Champagne is Wine: Vincent Couche



"Vincent Couche is part of the upwelling of talent (and awakening to terroir) taking place in the extreme South of Champagne, and like a number of those growers most responsible, he farms biodynamically.... Primary vinification is in a combination of tank and barrel, and Couche is one of increasingly many Champenois (especially among the young) to believe that one should render a complete as well as complex still wine before bothering to champagnize it."

-David Schildknecht


The quote above says so much, not only about the talented and dedicated team at Champagne Vincent Couche, but also about Champagne in general. I have never tasted a vin clair, that is a still wine destined to become Champagne, but the word on the street is that they are mostly unpleasant, and certainly not "complete" wines like the luxurious beverages they will take part in creating. That a wine critic felt the need to mention that an up and coming producer took the time to make a "complete as well as complex still wine" is quite remarkable, but what about the phrase that follows, "bothering to champagnize it".... bother? Should we imagine that Champagne can be a great wine without bubbles? YES. Should we expect our bubbly Champagne to be made from great still wine? ALSO YES


Champagne is always going to be expensive. Take the time to find the good stuff.
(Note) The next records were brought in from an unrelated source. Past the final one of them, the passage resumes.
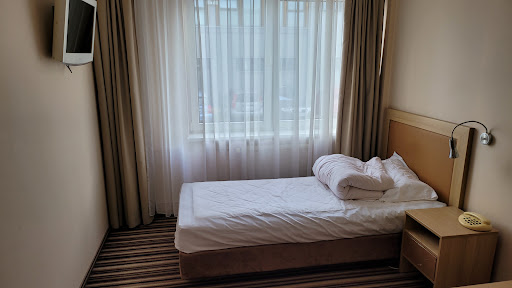 Read moreW tym hotelu mieszkałem przez tydzień, łącznie z weekendem. Hotel znajduje się przy ruchliwej drodze krajowej, plastikowe okna dają rady wyłumić hałasu. Dlatego radzę zamawiać pokoje dalej od wejścia. W pokojach jest bardzo mało światła. Dwa kinkiety że słabymi żarówkami nie spełniają żadnych norm. W łazienkach nie ma ręczników pod nogi przy wyjściu z kabiny prysznica. Śniadania są zawsze takie same z jedynie minimalnym asortymentem. Obiadokolacja to jedna zupa i dwa dania główne do wyboru, bez niczego do picia, o surówkach bardzo skromnych. Obsługa w recepcji raczej się nie przejmuje tym że od śniadania stoły nie są brudne a czas na kolację. Teraz pozytywy obiekt przeznaczony na wesela, właściciele są elastyczni cenowo przy dłuższym pobycie, darmowy parking...
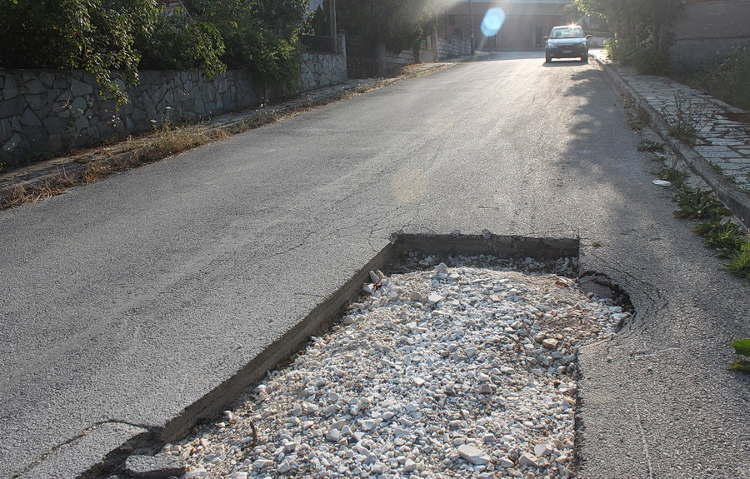 «Σκαλοπάτι» 20 εκατοστών στη μία λωρίδα κεντρικού δρόμου στο Μικρόβαλτο!
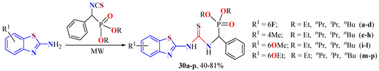A series of sixteen differentially substituted-(phenyl)-methyl-phosphonate-TBTs 30a–p were synthetized from substituted 2ABTs and O,O′-di-alkyl-isothiocyanate-(phenyl)methyl-phosphonates in heating dry CH3CN at 90 °C in 30 min under microwave irradiation with a power input of 120 W, Scheme 13 [134]. The products were obtained in good to excellent yields (40–81%), shorter reaction times, milder reaction conditions, and simple purification procedures. The compounds possessed broad-spectrum insecticidal and antiviral activities against Tobacco Mosaic Virus (TMV) in vivo. Two compounds, 30a (R1 = 6F, R = nPr) and 31l (R1 = OMe; R = nBu), had remarkably high in vitro insecticidal activities against Plutella xylostella compared with the control insecticide Avermectin. Furthermore, all were associated with moderate to good anti-TMV activities.
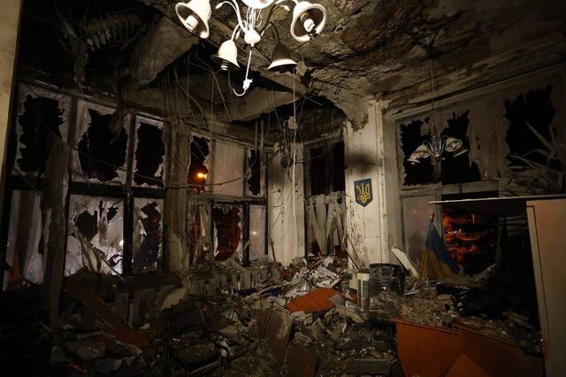 В ОВА показали наслідки обстрілу адміністративної будівлі в центральній частині Харкова.
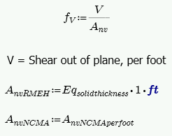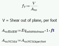 The program calculates the capacity, Fv, from Equation 8-20 shown above. The program also checks to verify we do not exceed the Fv max value from Equations 8-21 and 8-22 (or interpolation between them) that is reported in the Detail Report.
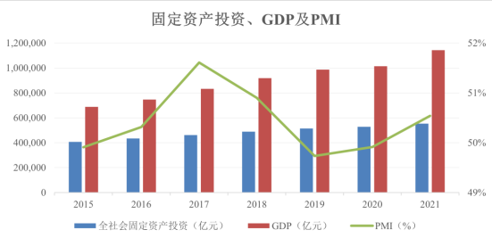 在供需改善的背景下,國內(nèi)制造業(yè)景氣度自 2015 年底起觸底回升。同時(shí)中國工業(yè)企業(yè)設(shè)備能力利用水平、固定資產(chǎn)投資情況自 2016 年開始穩(wěn)步增長,制 造業(yè)景氣度繼續(xù)上行。2020 年受新冠疫情影響,GDP 增速大幅下降,PMI 小幅提高。2021 年在疫情防控常態(tài)化下,內(nèi)需穩(wěn)步恢復(fù)、外貿(mào)快速增長,GDP 增速重回高位,PMI 上升至榮枯分水線之上,顯示出經(jīng)濟(jì)擴(kuò)張的訊號(hào)。
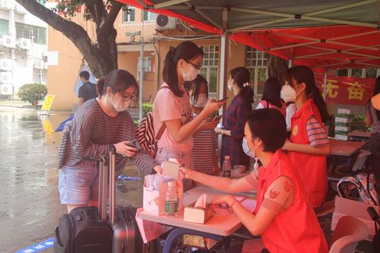 师生志愿者核验毕业生入校手续
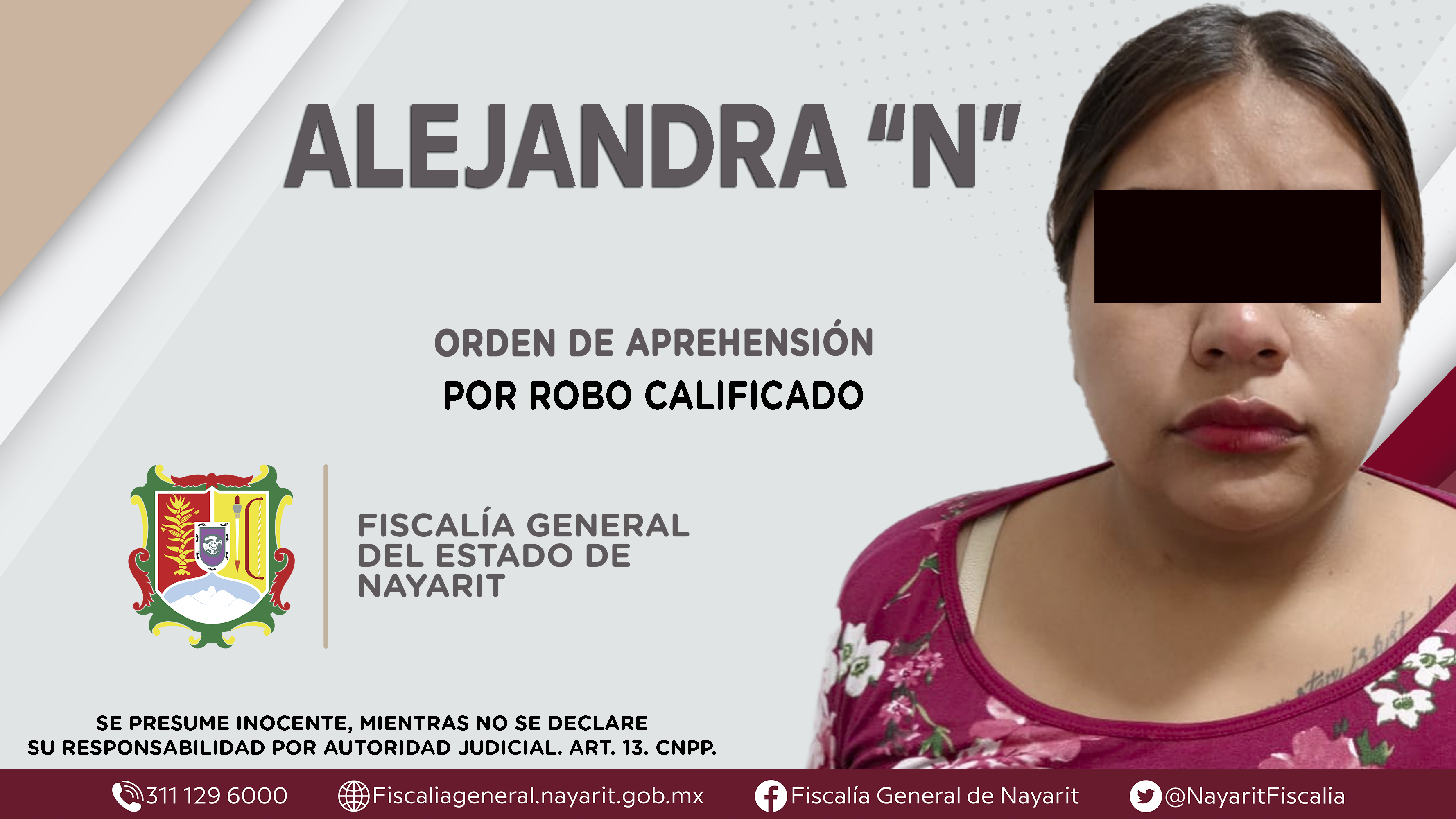 Elementos de la Agencia de Investigación Criminal dieron cumplimiento a una orden de aprehensión en el municipio de Xalisco contra Alejandra “N”, por su probable participación en hechos que la ley juzga como delito de robo calificado, cometido en ...
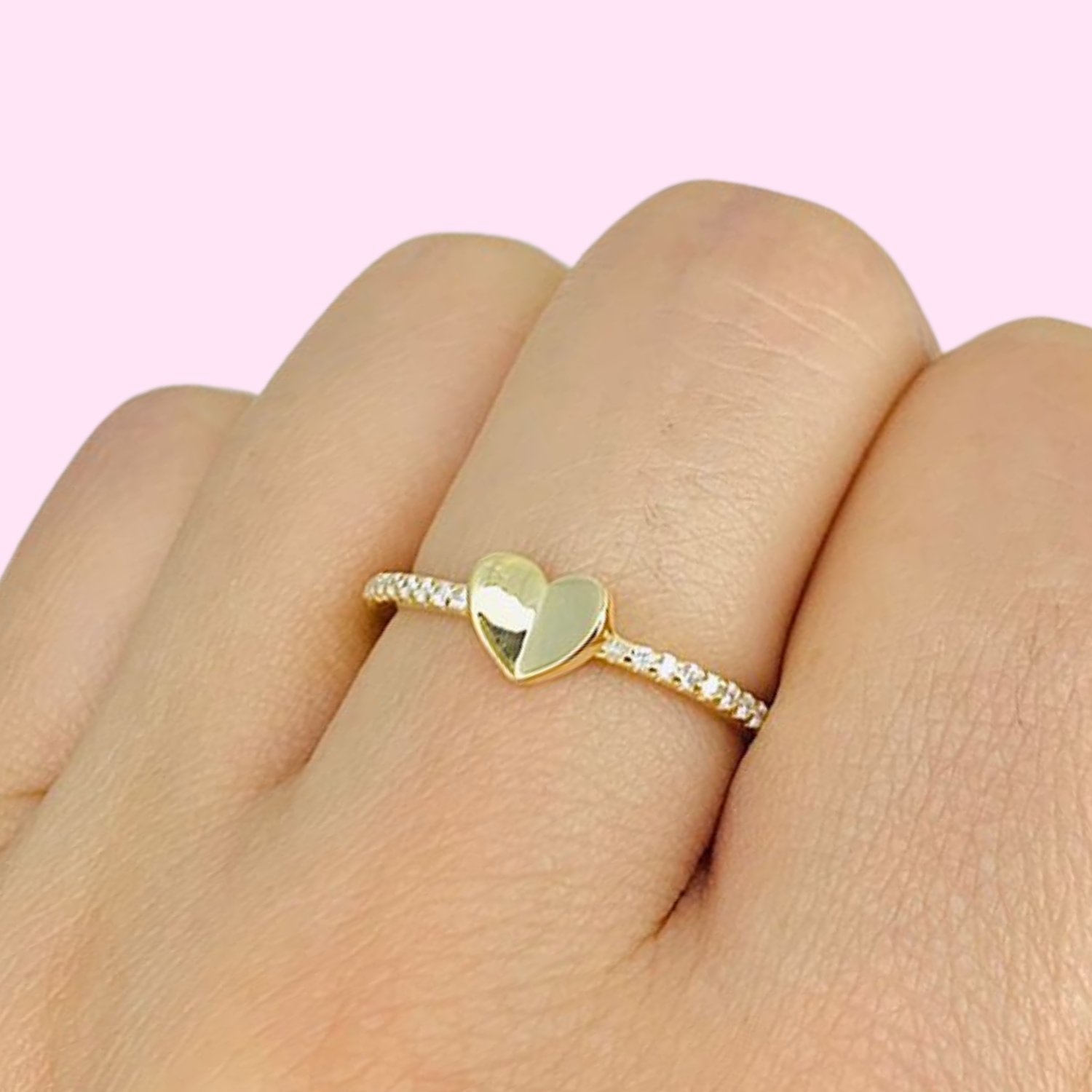 Anillo Medio sin fin corazon origami y cubic blanco de Plata y Baño de Oro GOLD

Finding worthwhile Champagne is not an altogether straightforward endeavor, as good and great Champagne is made by multinational luxury mega corporations and small growers alike. We say focus on the little guys. We have no doubt that their wines are more interesting and, believe it or not, better values. When you buy Champagne from a grower, you're paying for the work in the vineyard and the cellar. What do you think you're paying for when you buy wine from a company that has a massive marketing budget?
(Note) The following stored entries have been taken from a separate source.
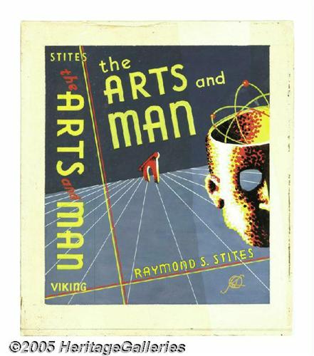 <B>Kelly Freas - "The Arts And Man" Book Cover Original Art (Viking, undated).</B></I> Kelly Freas painted this cover for "The Arts and Man" by Raymond S. Stites in acrylic on board. His surreal montage symbolized the realms of ideas and culture. The cover has an 8" x 7" image area, and is in Excellent condition. Kelly Freas signed the art at the lower right with his initialed monograph.
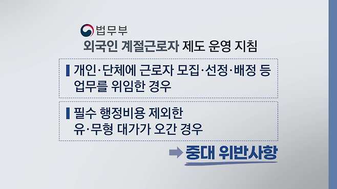 고용허가제의 경우 고용노동부가 '외국인고용법'에 따라 운영하고 있지만, 계절근로자 제도의 경우 별도의 근거 법률 없이 법무부 운영 지침에 따라 도입된 제도라 관리에 취약점이 있다는 겁니다.
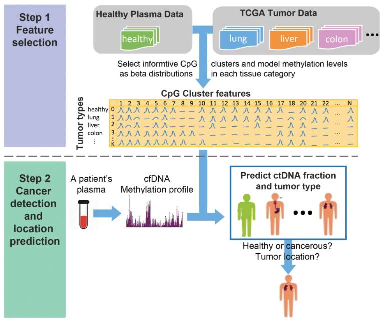肿瘤会释放其微小DNA进入血液循环这一科学发现是意义非常重大的,研究人员正在进行许多努力将该一科学知识转化为创新技术,希望能够更早期地发现并且诊断癌症。但是,伴随着这一令人兴奋前景的同时也有一大下游操作挑战:一旦早期确诊癌症后,医师们将如何发掘肿瘤细胞在身体中的准确隐藏位置呢? 现在加州大学洛杉矶分校(UCLA)的研究人员相信,他们已经通过简易血液测试找到了一个突破性方法。他们的技术主要使用计算机软件分析血液中检测到的癌症微小循环DNA的特定分子模式。于是,他们开发了一种不仅可以检测肿瘤DNA的计算机程序,还在此基础上可以确定癌症是哪种类型,识别癌症位于身体的部位。他们的研究成果发表在了《Genome Biology》杂志上。 科学家们是在癌症中常见的“甲基化”表观遗传模式上建立了该计算程序的。该论文联合通讯作者之一、加州大学洛杉矶分校教授Jasmine Zhou博士说,每一种肿瘤的甲基化模式都不同,于是也有了可能从特定组织(如肺或肝脏)构建癌症“分子足迹”的途径。
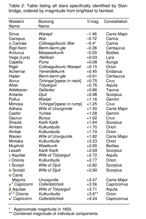 William Edward Stanbridge, llegado a Australia en 1841 procedente de Inglaterra, se interesó por las culturas aborígenes lo que le llevaría a publicar un trabajo sobre los conocimientos astronómicos de una de ellas, los Boorong.
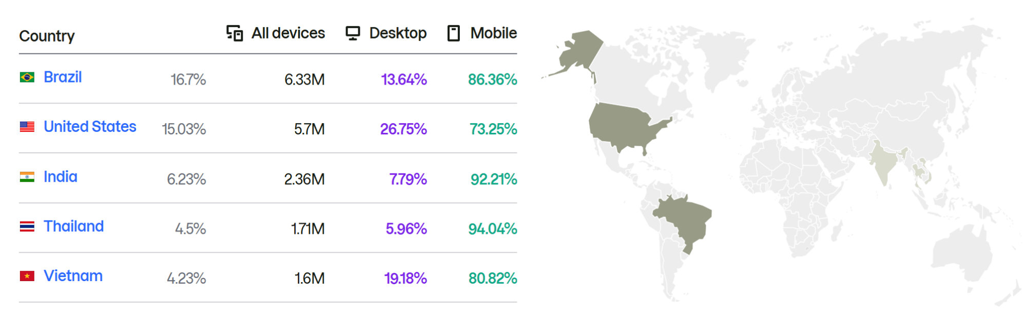 Aside from the publicly available information, there wasn’t anything much on the type of traffic they provide, but we managed to find their main traffic audience by GEOs:

To our point today (finally): consider buying some Vincent Couche. We just tasted two of their wines and they are fabulous, as well as superb values.
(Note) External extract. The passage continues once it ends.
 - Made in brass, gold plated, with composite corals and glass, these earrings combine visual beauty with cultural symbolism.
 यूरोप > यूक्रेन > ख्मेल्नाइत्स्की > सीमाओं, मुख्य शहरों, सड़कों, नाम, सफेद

Couche's 'Eclipsia' is made of certified organic fruit from vineyards outside the family holdings. It is mostly Pinot Noir and it shows in its gracious and flowing ripe fruit. Their 'Chardonnay de Montgueux' comes from certified biodynamic estate vines, and it is a classic example of blanc de blancs: cutting, grippy, chalky, very dry. A side by side comparison of these two wines is an education as well as a pleasure.


Vincent Couche Champagne 'Eclipsia' NV - $50

Fresh apple, pear, citrus, a little white smoke, brioche and honeysuckle. Fresh and juicy on the palate, dense layers of fruit here, this does not rely on its time sur lattes to have complexity, it is obvious that this was a serious wine on the vine. Long and vivacious, with fresh ripe fruit lingering alongside floral and subtle toasty nuances.


Vincent Couche Champagne 'Chardonnay de Montgueux' NV - $75

Toast, beeswax, fresh cream, citrus candy, a little vanilla, mint and tarragon. Zippy and cutting on the palate, classic Blanc de Blancs. Long and very dry, with chalky mineral notes lingering with tart citrus, herb and toasty nuances. Lovely!